- Born: 20 August 1942 Khidirpur, Bengal, British India
- Died: 27 March 1971 (aged 28) West Nakhalpara, Dhaka, East Pakistan
- Citizenship: Pakistan
- Occupations: Poet, cultural activists

= Meherun Nesa =

Bengali poet (1942–1971)

Meherun Nesa (20 August 1942 – 27 March 1971) was a poet and martyred Bengali intellectual of the Bangladesh Liberation War.

==Early life==
Nesa was born on 20 August 1942 in Khidirpur, Kolkata, West Bengal, British Raj. She did not attend school but was self-taught. She moved with her family to East Bengal, Pakistan in 1950 after the partition of India.

==Career==
Nesa worked as a copywriter in Bangla Academy, after which she worked at the Philips Radio Company starting in 1961. She worked as a copywriter in the USIS Library Dhaka operated by United States Information Agency.

Nesa published her first poem, Chashi (চাষি), in 1953 in the Daily Sangbad. Her poems were influenced by romanticism and realism, and expressed her political views. She demanded Bangla to be made a state language through her poetry. Her poems were published by a number of publications including Pakistani Khabar, Dainik Pakistan, Sangram and Philips Magazine, etc.

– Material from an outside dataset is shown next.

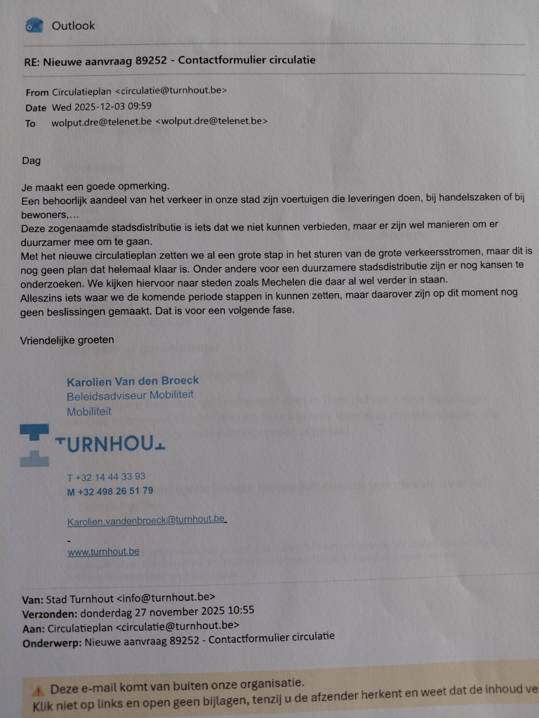 *Wat met de tientallen pakjesdiensten die dagelijks onze stad en straten doorkruisen ?! Zullen die nog aan huis kunnen leveren of moeten voortaan alle bestelde pakjes op centrale punten worden afgehaald ?

She was involved in the Mass uprising of 1969, and member of the Action Committee in Mirpur. On 23 March 1971 she hoisted the flag of Independent Bangladesh in her house.

==Death==
On 27 March 1971 her house in Mirpur, Dhaka was attacked by local collaborators of Pakistan army including Biharis. She along with her family were killed by them. Her two brothers and mother were killed along with her.

The Bangladesh post office released stamps with her image on 14 December 1995.

==Trial for killing Meherun Nesa==
Abdul Quader Mollah, the leader of Jamaat-e-Islami Bangladesh, was charged with her death and the death of her family. Mollah was hanged on 12 December 2013.